Qualcomm, whose Snapdragon X processors exceeded that threshold with 45 TOPS, had an advantage. Models with those chips include the Microsoft Surface Laptop and Snapdragon versions of the Acer Swift AI.
AMD and Intel have also released chips that meet Microsoft's requirements, and more laptops bearing the "Copilot+ PC" label have hit the market. However, there's a catch: More affordable laptops often use less powerful processors that don't meet the Copilot+ PC criteria.
What are the most impressive features of Copilot+ PC?
Why pay extra for Copilot+ PC? Microsoft offers a number of exclusive features, and perhaps the most impressive, but also controversial, is Recall.It promises “photographic memory,” allowing you to rediscover what you’ve seen in Windows 11. Every photo Recall takes is analyzed by the NPU using context, optical character recognition (OCR), and sentiment analysis to create a searchable index. Recall then takes you back in time through a visual timeline.
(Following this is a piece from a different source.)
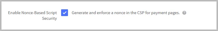 In the control panel Security & Privacy settings, toggling the Enable Nonce-Based Script Security setting generates a random nonce value for every page request. The nonce is added to the Content-Security Policy (CSP) header of pages that involve the collection of credit card information such as checkout and account pages.

Other features build on previous ideas. Image Creator uses the NPU to create images from text, an improved version of Windows Studio Effects adds creative filters for video calls, and Live Captions translates any video using the NPU.After a problematic launch caused by insufficient security and a lack of user control over how photos were saved, Microsoft has improved the feature to make it more secure.
Companies like Acer, HP, and Lenovo have also developed local AI tools that analyze documents on your PC, providing summaries and sentiment analysis. These tools are only going to get better.
What's next for NPUs?
In the coming years, some AI experts believe that NPUs will evolve like CPUs in their early stages—close to Moore's Law, doubling TOPS every year or two.As power increases, new capabilities will emerge, such as the ability to create realistic AI images locally on your computer without using services like Midjourney.
Over time, as software and hardware evolve and more developers become involved, we will see personal AI agents that understand us, “living” in our computers. They will not only remind us of the past, but will also perform actions on our behalf.
NPUs are likely to find their way into devices beyond smartphones and laptops. TVs will be able to create personalized news broadcasts with your favorite presenter avatar, fitness trackers will recommend workouts based on your mood and schedule.
Perhaps one day your best friend will be a humanoid robot that understands you better than any human.